O gráfico em questão, apresentado hoje na CPI da pandemia, indicou que entre maio e junho do ano passado a doença atingiu em média cinco vezes mais indígenas do que brancos e duas vezes mais os negros do que a população branca.

No final de junho, a incidência da doença entre os indígenas era de 7,8%, enquanto entre brancos a ocorrência era de 1,7%.

O epidemiologista também atribuiu à postura do Presidente brasileiro, Jair Bolsonaro, a principal responsabilidade pela situação da pandemia no país.

Segundo o especialista, só a demora na compra de vacinas contribuiu para que acontecessem 95,5 mil mortes evitáveis.

"Nós fizemos uma análise que estimou que especificamente o atraso na compra das vacinas da Pfizer e da CoronaVac resultou em 95,5 mil mortes", afirmou.

Jurema Werneck, médica e diretora-executiva da Amnistia Internacional no Brasil, que também estava a prestar depoimento nesta audiência da CPI da covid-19, apresentou dados que indicaram que a maioria dos mortos pela covid-19 no Brasil eram pessoas de baixa rendimento, baixa escolaridade, negros e indígenas.

"O que os estudos atestam é que as desigualdades sociais tiveram influência sobre altas taxas de mortalidade.
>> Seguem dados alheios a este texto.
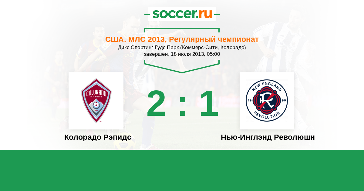 США. МЛС 24.07.2011 Колорадо Рэпидс Логотип футбольный клуб Колорадо Рэпидс (Денвер) 2:2 Логотип футбольный клуб Нью-Инглэнд Революшн (Фоксборо) Нью-Инглэнд Революшн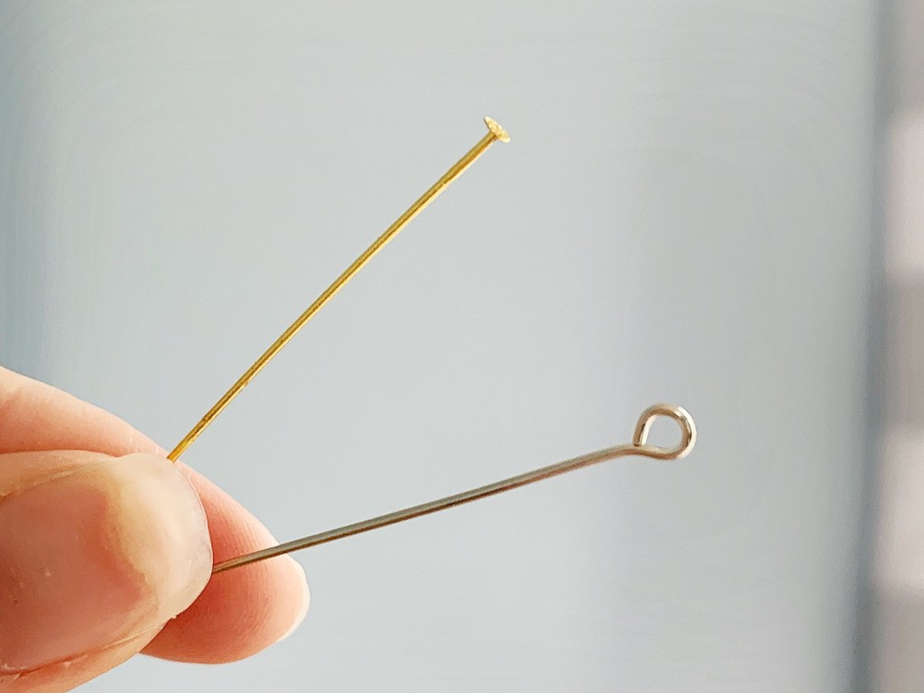 Pins are used to attach a bead (or multiple beads) that you want to dangle on a piece of jewelry. With both types, once you’ve strung the bead(s) onto the pin, you’ll create a loop on the other end. Headpins are blunt on the end and sit flush against the bead, while eyepins have a loop on the end so you have a connector point on each side of the bead. You’ll often use these in conjunction with jump rings to connect the pieces of your jewelry together.

Quando a gente cruza com diferentes marcadores a gente vê que a maioria das pessoas que morreram no Brasil eram negras, indígenas, de baixa renda e de baixa escolaridade. Já sabíamos que o Brasil tinha uma grande desigualdade neste campo e deixámos passar", afirmou a diretora da Amnistia Internacional.

A especialista defendeu ainda que haja responsabilização e a reparação dos danos causados pelo "descontrolo da epidemia" e considerou ser preciso "criar uma frente nacional" de combate à covid-19 liderada pelo Parlamento "e que inclua setores da sociedade".
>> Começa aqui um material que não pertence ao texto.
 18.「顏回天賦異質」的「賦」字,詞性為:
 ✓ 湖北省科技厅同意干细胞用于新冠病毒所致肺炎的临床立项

Werneck também avaliou que o Brasil não está a enfrentar diferentes vagas de infeções por covid-19, mas "sendo arrastado por um grande tsunami, uma grande tragédia, porque o Brasil não está a tomar as medidas necessárias de controlo da pandemia".

O Brasil é o país lusófono mais afetado pela pandemia e um dos mais atingidos no mundo ao contabilizar 507.109 vítimas mortais e mais de 18,1 milhões de casos confirmados de covid-19.

A pandemia de covid-19 provocou, pelo menos 3.893.974 vítimas em todo o mundo, resultantes de mais de 179,5 milhões de casos de infeção diagnosticados oficialmente, segundo o balanço feito pela agência francesa AFP.

A doença respiratória é provocada pelo novo coronavírus SARS-CoV-2, detetado no final de 2019, em Wuhan, uma cidade do centro da China.